What should I expect at my first appointment?
It’s very normal to feel anxious, nervous, or unsure about your first session of psychological counselling. Our psychologists will provide a private, comfortable, safe, respectful and non-judgmental place for you to discuss anything you need to.
In the first few sessions, the psychologist will typically ask you questions about yourself, your life, and any presenting problems you would like to work on. Together, you will create a plan of how therapy can assist you with these problems, how many sessions it may take, and how frequently you should meet. Prior to your first session it can be helpful for you to ask yourself what changes you would like to make in your life. The aim of therapy is for us to then work together to help you achieve those changes.
My child needs a psychologist – can I come with them?
In the first session with your child, your psychologist will often invite you both into the session at the beginning, then ask to see the child by themselves. After this, your psychologist will discuss with you the most appropriate structure of future counselling sessions with your child.
In the case of adolescents, depending on the age of your teenager they may wish to see their psychologist without their parent present. However, it is recommended that a parent is always available to attend the sessions if needed, and parental consent is needed for under 16s to attend therapy.
How long do I need?
Each individual therapy session is 50 minutes in length. How many sessions you need depends on your situation and can be discussed with your psychologist. After the first 1-2 sessions, your psychologist will discuss what they think is an appropriate amount of sessions to help you address the presenting problem. This way you can set goals and work together on achieving them.
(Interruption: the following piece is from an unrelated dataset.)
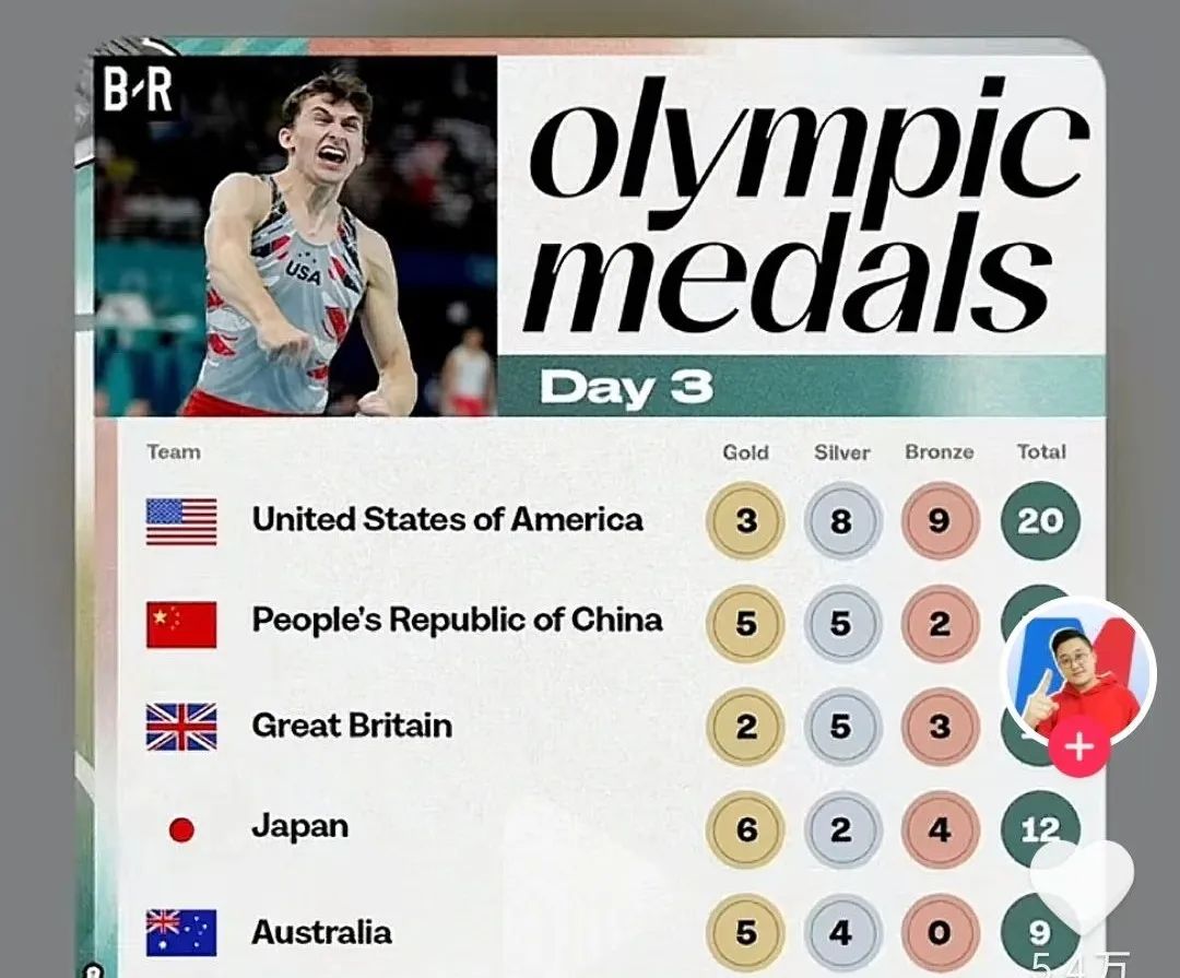 这一届奥运会前几天的赛程,美国在金牌榜上的排名情况不理想,美国一家媒体又开始动用了美国媒体在2008年就用过的魔法,就用奖牌榜,把美国排到了第一。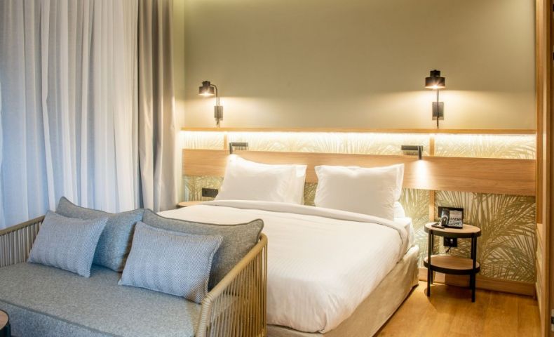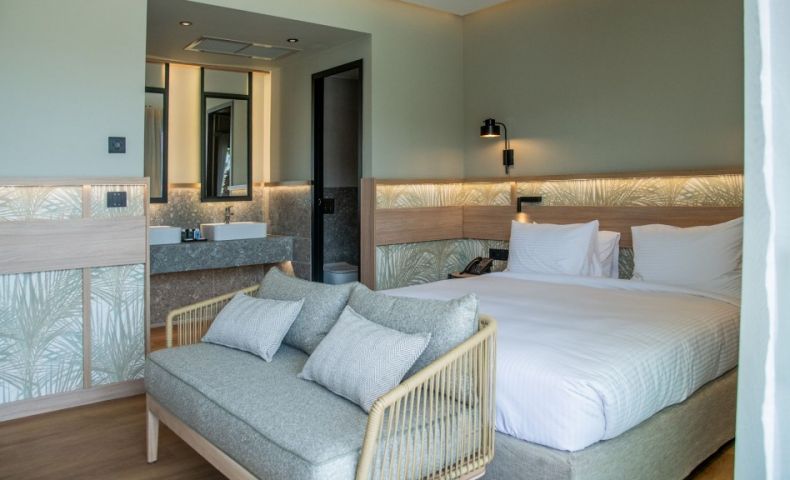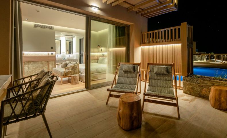 В стаите: Стаите са оборудвани с всички удобства. Предлагайки стаи с изглед към морето и частен басейн, луксозни апартаменти с частни външни джакузита, както и просторни стаи и апартаменти за семейства. Стаите са оборудвани с телевизор с плосък екран със сателитни канали, хладилник, сешоар и тоалетни принадлежности, както и с високоскоростен Wi-Fi интернет. Гостите могат да направят своя избор от стаи с изглед към градината или морето, частен басейн или външно джакузи и да се насладят на престой в Крит.

Many factors can influence the length of therapy including the issues you are seeking help with, the coping strategies you already use, your support network and previous counselling you may have had.
What types of group therapy do you offer?
Our group therapy program for children, teens, and adults offers a variety of different topics including:
• Building resilience
• Forming positive relationships
• Positive thinking
Please check our group therapy page for details of current courses.
All subject matter is age-appropriate and group therapy programs generally run for 6 weekly sessions. Medicare rebates may apply in some situations when you have a obtained a GP Mental Health Care Plan that includes Group Therapy. Please email us or call 1300 322 068 for further information.
Are your online courses suitable for me?
Direction Psychology has developed several online courses to offer general psychological strategies for common concerns such as stress management and emotional resilience. They are designed to help teach evidence-based strategies that our psychologists use with clients every day, at an affordable price. These courses are general in nature – should you need an individualised approach, Individual Therapy may be more appropriate.